Of course, you can write any prompt that encourages creative and non-repetitive output and use this feature to silently inject it into your conversations.
Set insertion frequency to every message while debugging, and then reassess your chat message outputs.
Keep Your System Prompts Short and Non-Duplicative

If you didn’t modify, or use a custom System Prompt or Author’s note, this section won’t really apply to your case, unless you’re using a character preset with a lot of redundant conversation line examples/data.

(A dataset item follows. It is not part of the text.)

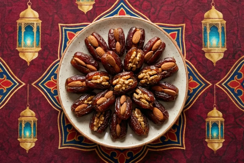 Premium Jordanian Medjool dates, offering a rich, balanced sweetness, carefully pitted and filled with almonds and walnuts
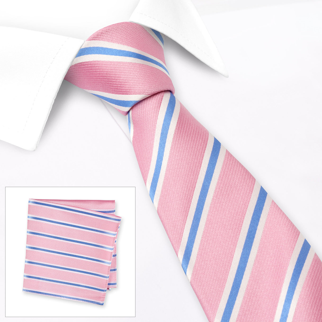 Pink Woven Silk Tie with Blue and White Stripes Silk Tie & Handkerchief Set

A very common repetition trigger is using the same or a very similar in-prompt instructions appearing in the System Prompt, Character Card, and the Author’s Note. The model, seeing the repetitive information there in-context, can easily “learn” that repeating meta-instructions is part of the output style.
Refrain from reiterating on the very same concepts in slightly different words, and from repeating similarly structured sentences anywhere in the context you give to the model before beginning your chat. This is especially important if you’re using smaller, highly quantized models.
Keep an Eye on Your Conversation & Repetitions in Chat History
This one is very important. Every time you ignore subsequent messages that repeat a substantial amount of text data in their contents and carry on with your conversation, leaving them hanging in your conversation history, the model, by the principle of in-context learning, gets its context filled with repetitions that will affect all of the following messages in your conversation, even if you tweak appropriate sampler settings along the way.
The more repetitive content you have in your conversation (like repeating phrases, sentences, or word groups), the more likely the model is to repeat itself in the following dialogue. If you notice repeated content, either edit it out of the chat history or reset the conversation before re-testing your sampler changes
Diagnose the Repetition Type (And Apply the Right Fix)
Not all repetition looks the same, and different loop patterns usually have different causes. Different kinds of repeating content and textual loops can have different underlying causes. Here are some examples of different repetition scenarios alongside the fixes you can try and incorporate if you encounter a similar situation.
A) “The model repeats “User:” / “Assistant:” blocks or writes both sides”
- Add stopping strings for your speaker separators (see above).
- Confirm the template matches the model (select the “Derive from Model Metadata” setting in the “AI Response Formatting” menu, or select correct template matching your model yourself).
B) “The model repeats the same sentence with tiny variations”
- Enable XTC/DRY (or both) with default recommended settings. Further tweak until you find the right combination for your model.
- Lower “Min-P” to ~0.01–0.05 if you have changed it before from the default value (high Min-P can worsen repetition).
- Keep “Repetition Penalty” to reasonable values (above 1.1 and below 2.0 is enough in most cases, higher values can again, make certain tokens repeat more).
C) “The chat gets stuck on one token/word (hard loops)”
- Enable XTC/DRY, or both of them with the default recommended settings, increase temperature slightly. Tweak until you find the right combination for your model.
- Reduce max output for that generation by lowering the “Response (tokens)” setting, and regenerate.
D) “The conversation gets worse ~10-30+ messages into the chat”
- Reduce context clutter: remove repeated “Author’s Notes” if you notice them directly affecting the exact wording of the late messages in your conversation, summarize your chat history (consider using the “Summarize” extension available in SillyTavern by default), and avoid stacking multiple long system instructions with repetitive content. Also, make sure that your previous messages in the conversation don’t contain excessively repetitive phrases or sentences.
- If you’re running stretched context (for instance via RoPE, set either in SillyTavern or in the backend you’re using), consider lowering the max context value to the one natively supported by your model, or using a model actually trained for longer context (this is a common cause for “late-chat degeneration”).